Recently, we observed that MtuSSB sustained E. coli for its essential function of SSB [22]. However, the mβ4-β5 SSB, wherein amino acids 74 to 111 (comprising β4, β451, β452 and β5 strands) were replaced with the corresponding region of MtuSSB, failed to sustain E. coli despite its normal oligomerization and DNA binding properties. Another chimera, mβ1-β5 wherein the β1-β5 elements of EcoSSB were replaced with the corresponding elements of MtuSSB, conferred filamentation phenotype to E. coli. However, the mβ1-β6 SSB with the entire N-terminal domain of MtuSSB (i. e. including the β6 strand) fused to the C-terminal domain of EcoSSB, functioned well in E. coli [22]. These observations suggested specific interaction of β4-β5 region of MtuSSB with the β6 region of MtuSSB. To study the functional importance of such an interaction and to further our understanding of the structure-function relationship of eubacterial SSBs, we generated additional chimeric SSBs (Fig. 2).
Secondary structure elements of N-terminal domain of MtuSSB and EcoSSB are represented in red and green, respectively. The beginning and end of structural unit are also numbered in the same color. The C-terminal domains are shown by discontinuous lines. SSB chimeras are shown in respective colors.

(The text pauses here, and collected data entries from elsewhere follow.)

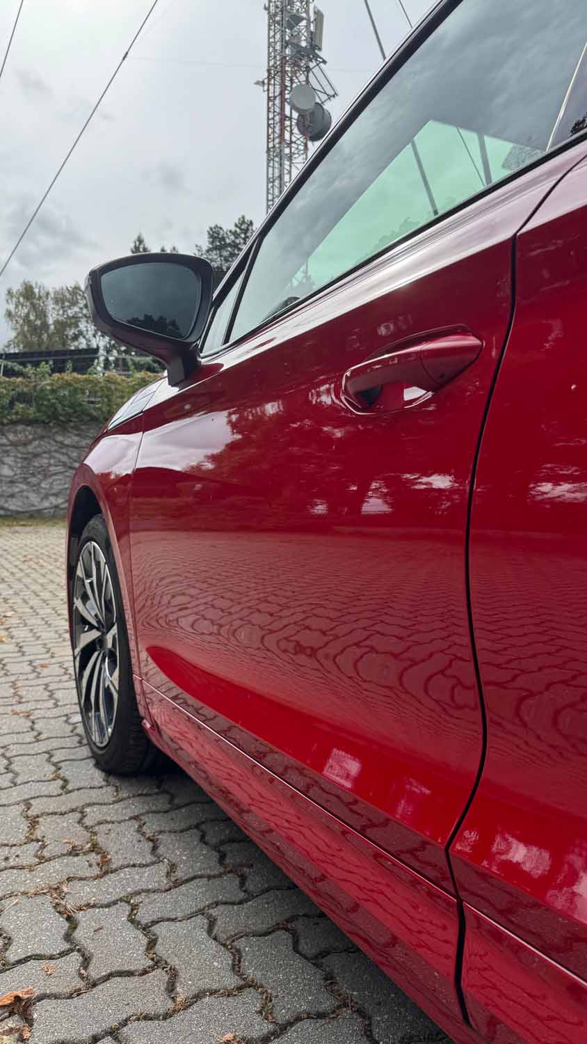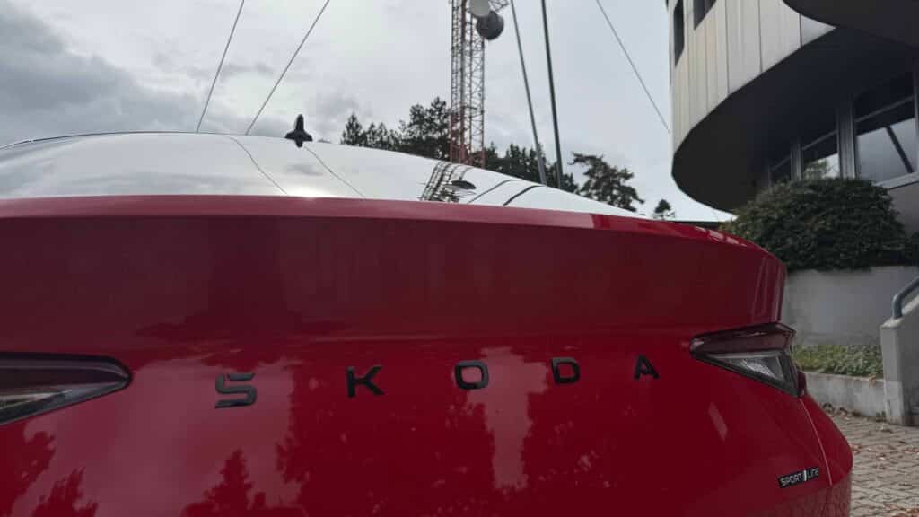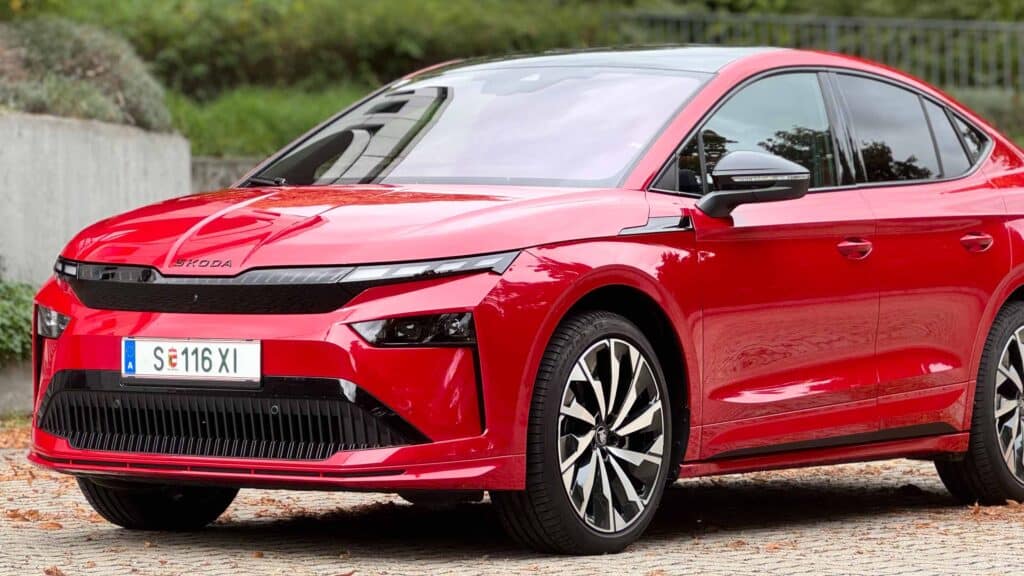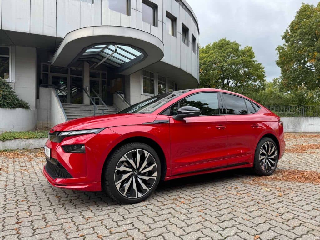 Schon beim ersten Blick merkt’s: Der Enyaq Coupé Sportline meint’s ernst. Velvet-Rot Metallic, 21-Zöller in Supernova-Optik und ein Dach, das flacher abfällt als die Stimmung beim Montagmorgen. Das ist kein „ich kann alles“-SUV, das ist ein „ich will mehr“-Coupé.
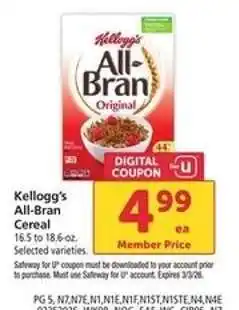 Safeway Kellogg's All-Bran Cereal offer
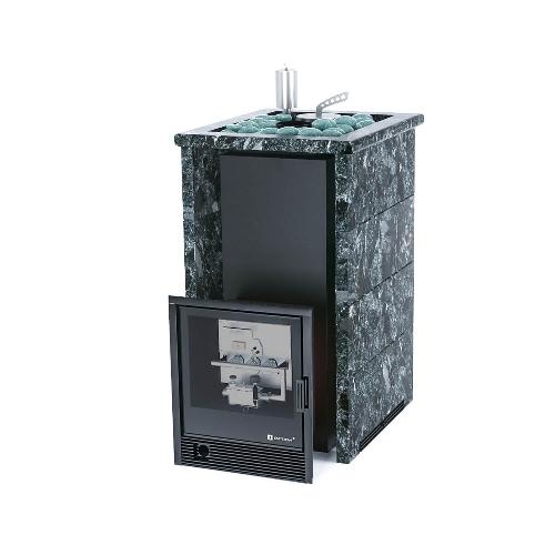 Банная печь ИзиСтим Сочи в трехстороннем кожухе Пироксенит с открытым верхом с газовой горелкой (САБК-40)
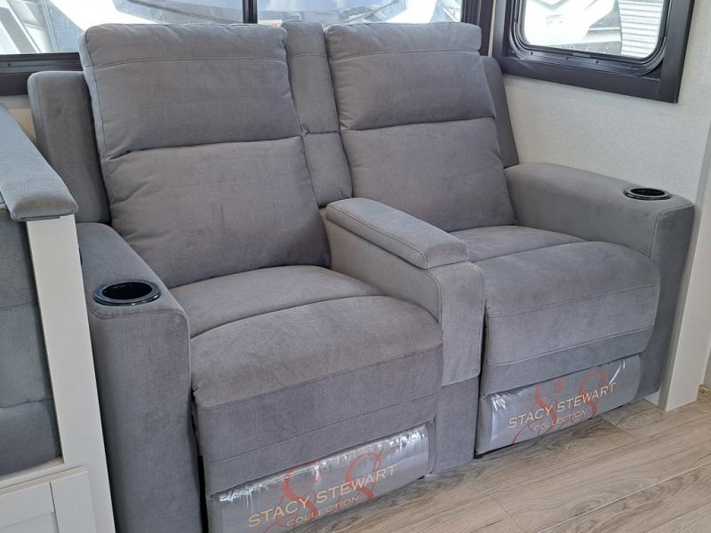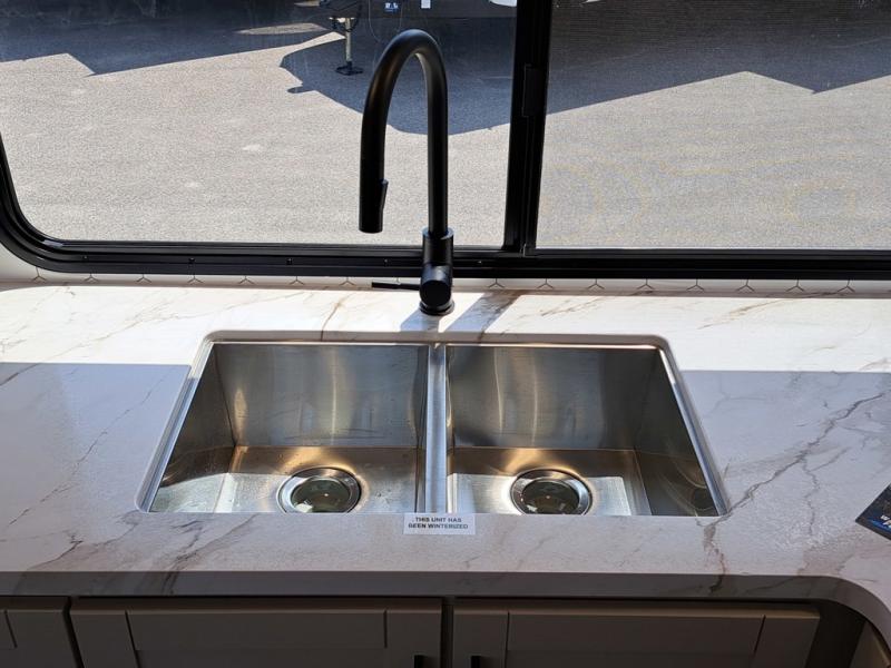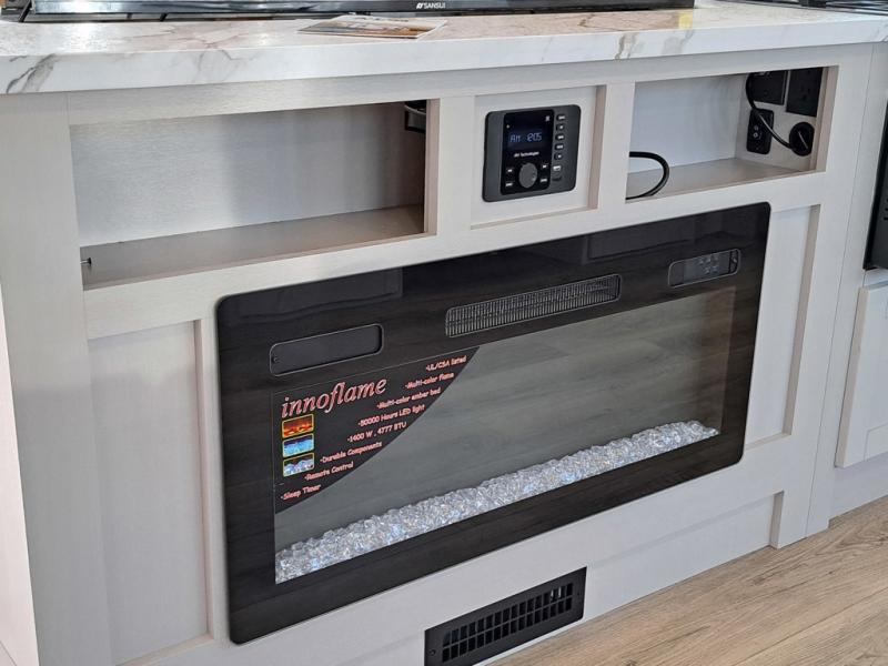 Experience the ultimate in RV living with our luxurious travel trailer, featuring a spacious rear kitchen perfect for meal prep. The pantry and fridge provide ample grocery storage, and the overhead cabinets add extra space for cookware and dishes. Plus, the microwave makes cooking and reheating meals a breeze, and the dinette is a great spot to enjoy meals or play games with family and friends. In the nice living room, you will find a trifold sofa, a perfect place to relax and unwind, and an entertainment center with a fireplace adding warmth and ambiance to the space. The full bathroom is beautifully appointed and provides all the essentials for a comfortable stay. Furthermore, the front bedroom is a serene retreat, featuring a spacious queen bed, dresser, wardrobe, and nightstands beside the bed for ultimate convenience. This travel trailer also features washer and dryer prep, making it easy to hook up to laundry facilities on the go, and with an outside kitchen, you can cook up a storm while enjoying the fresh air and scenery.

The mβ4-β5 SSB was modified to generate mβ4-β5 (acidic), and mβ4-β6 SSBs. One of the distinctive features of the region between the β4 and the β5 strands of MtuSSB is that, unlike EcoSSB, it possesses a number of acidic residues (Fig. 1A). Hence, these residues were changed to EcoSSB specific sequences in a chimera designated mβ4-β5 (acidic) by mutating E90, T91, E95, K96, E103, D105, and E106 within MtuSSB region of β4-β5 to T90, D91, Q95, D96, V103, N105 and V106, respectively. To generate mβ4-β6, MtuSSB sequence corresponding to amino acids 74–111 in mβ4-β5 was extended to 131 to include β6 of MtuSSB. Among other constructs, mβ1-α contained the first 73 amino acids (consisting of β1-α structural elements) from MtuSSB and the amino acid 74 to the end from EcoSSB. In mβ6 SSB, the β6 strand and the downstream spacer sequences of MtuSSB (amino acid 114 to 133) substituted the corresponding region of EcoSSB. The remainder of the sequences (the N-terminal region consisting of the first to 113 amino acids and the C-terminal region (amino acids 134 to the end) were from EcoSSB. The mβ6-CTD contains the β6 strand and the C-terminal region (amino acid number 114 to the end) from MtuSSB whereas, the N-terminal region (the first 113 amino acids) from EcoSSB. Lastly, the mCTD construct contains only the C-terminal region from MtuSSB (amino acid number 129 to the end) and the N- terminal and the spacer sequences (first 128 amino acids) of EcoSSB. More details of generation of these constructs are provided in Methods S1 and Table S1.
Oligomerization of the chimeric SSBs
All SSBs were purified and analyzed by gel filtration chromatography to determine their oligomerization status (Fig. 3). Elution profile of the chimeric SSBs was very similar to those of the wild-type EcoSSB and MtuSSB suggesting that they folded properly and formed homotetramers.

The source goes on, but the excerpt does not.